Photograph by Mark Woods, courtesy the artist and Foxy Production, New York
Photograph by Mark Woods, courtesy the artist and Foxy Production, New York
Photograph by Mark Woods, courtesy the artist and Foxy Production, New York

There’s a thin line between suggestive paradox and resignation, but “HMV” manages to walk it. Organized by independent curator Alexander Shulan, the exhibition is named after the 1968 Stanislaw Lem novel His Master’s Voice, which follows a group of scientists who fail to interpret a signal from outer space because they can’t keep from projecting themselves onto it. By the gallery desk, Bradley Kronz and David Flaugher show that you can put a lot of nuance into the way you say “fuck it,” Mr. Flaugher with an untitled whitetail deerskin on the floor covered in dirty cardboard and ready to be walked on, and Mr. Kronz with a grubby, down-market replication of a prop from an extremely silly Belvedere vodka ad. (In the commercial, graffiti artist Andre Saraiva carries around an immaculate silver briefcase containing a bottle of vodka and two cans of spray paint; the protective foam in Mr.

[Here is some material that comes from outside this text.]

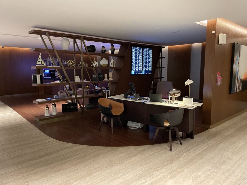 Am Ende der Lounge findet man auch einen Service Desk. Dieser war zwar nicht besetzt und ich bin mir nicht ganz sicher was man hier wirklich für die Passagiere machen kann, aber er war definitiv wunderschön gestaltet. Auch wurde es in dieser Ecke der Lounge deutlich ruhiger und man fand noch einige freie Sitzplätze.

Kronz’s distressed version was ripped out of his couch.) Pamela Rosenkranz’s Ultra Smooth Content (Avalanche White), a 6½-foot-tall cardboard box painted white and containing an Ikea couch, with the plastic binding strips slipped here and there to reveal the original cardboard brown, shows the imperviousness of our cultural narcissism: whether it’s made out of marble or garbage, it’s all still us—at least, so far. Ian Cheng’s Entropy Wrangler (Study), a video of theoretically infinite duration and unique iteration each time it’s turned on, drops simulated dinosaurs, dolphins, rocks and cinder blocks into a bluish-gray nothingness to watch them collide. The smooth teal dolphins, colorful explosions and long T. rex necks stretching and tangling like magnetic tape are like saccharine—there’s a brief but aggressive cuteness before you taste their poison. But the poison also fades, and the new digital world comes to seem simply alien; by the time we figure out what it wants, it will be too late. (Through May 4, 2013)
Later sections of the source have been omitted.